Jaargang 25 (2005)
Nummer: 02
Artikel: 96

Icoon

DT-25-02-96.pdf 598.85 KB 537 downloads

Storende preoccupaties: wat doe je ertegen? ...

Samenvatting

In dit themanummer staat het idee centraal dat storende preoccupaties de grootste gemene deler van de psychopathologie zijn. Gerenommeerde behandelaars en onderzoekers beschrijven vanuit dit perspectief de stoornissen en behandelingen waarop zij expert zijn.
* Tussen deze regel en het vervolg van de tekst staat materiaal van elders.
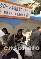 圖:日本力圖喚起人們對國產(chǎn)牛肉的信心 2001年11月19日 15:11 ![]() 日本人一向嗜食牛肉,雖然瘋牛病問題鬧得人心惶惶,但東京“食肉市場節(jié)”上免費品嘗仍吸引了不少牛肉美食家。圖為人們在爭著品嘗受精卵克隆牛肉。中新社記者 陶光雄 攝 |
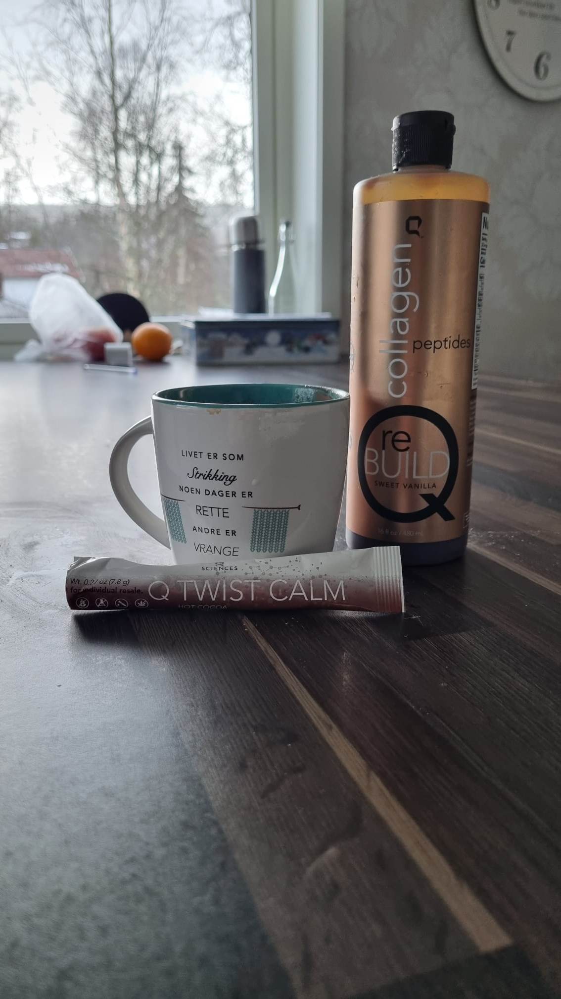 Bilde nr 5: Her ser dere hvordan Q Twist Hot Cocoa posen ser ut. Trenger ikke ta hele posen. I flasken er det Q Rebuild Collagen. Perfekt etter trening. Denne hjelper kroppen på styrke og form.
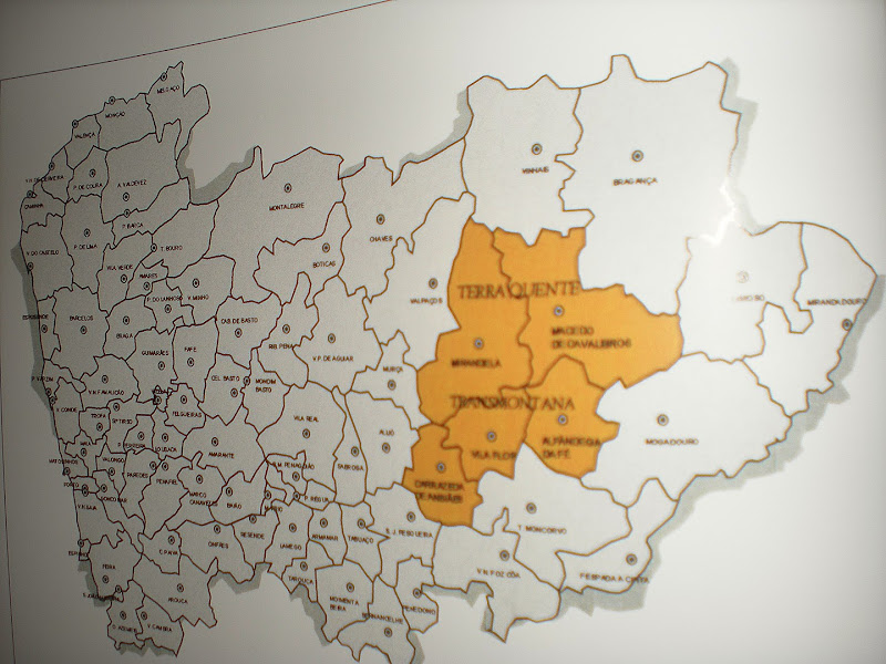 Decidimos entrar. No interior, esperava-nos uma surpresa: um conjunto de painéis de azulejos “Os Anjos da Montanha” de Graça Morais e, nos escaparates de entrada, vários livros sobre a artista. Deu-me nas vistas uma capa com uma pintura conhecida. Abri-o, li aqui e ali passagens do texto introdutório da autoria de António Carlos Carvalho, entrecortado por belíssimas fotos de Roberto Santandreu e revi pinturas e desenhos de Graça Morais. Achei-o interessante no seu todo e, por isso, resolvi comprá-lo para oferecer mais tarde à nossa amiga como recordação. Já no carro, voltei a abri-lo e, numa das primeiras páginas, reparei num mapa do norte de Portugal, assinalada a amarelo-torrado, a região Terra Quente Transmontana, no nordeste transmontano que abarca cinco municípios: Carrazeda de Ansiães, Vila Flor, Alfândega da Fé, Mirandela e Macedo de Cavaleiros.

De ‘evidence-based’ behandelingen die tegenwoordig zo’n centrale rol innemen bij de behandeling van psychische stoornissen, hebben minstens twee dingen gemeen: ze vertrekken vanuit het dsm-classificatiesysteem en ze zijn stoornisspecifiek. Dit suggereert dat stoornissen goed van elkaar te onderscheiden zijn en dat ze op een unieke manier moeten worden aangepakt. Natuurlijk, de meeste stoornissen zijn wat betreft hun verschijningsvorm goed van elkaar te onderscheiden, maar de processen ‘daaronder’ lijken vaak verdacht veel op elkaar. En dat geldt in toenemende mate ook voor de (meestal cognitief-gedragstherapeutisch georiënteerde) behandelprotocollen (Rijnders, 2004).

Het onvermogen zich te distantiëren van bepaalde gedachten, gevoelens of gedragingen is zo’n gemeenschappelijk kenmerk. Misschien zijn ‘storende preoccupaties’ zelfs wel de grootste gemene deler van psychopathologie.

Bij storende preoccupaties gaat het om het onvermogen gedachten los te laten en gevoelens kwijt te raken die bovendien dikwijls problematische gedragingen in stand houden. Men spreekt bijvoorbeeld van ‘piekeren’, ‘rumineren’, ‘kleven’, ‘malen’, ‘controleverlies’, ‘door de kop spoken’, ‘geobsedeerd zijn’, ‘gevangen zitten’, ‘niet van zich af kunnen zetten’ en ‘automatismen’. En niet zelden ziet men dat de patiënt juist het vastbijten zoekt in een poging het vastgegrepen zijn kwijt te raken.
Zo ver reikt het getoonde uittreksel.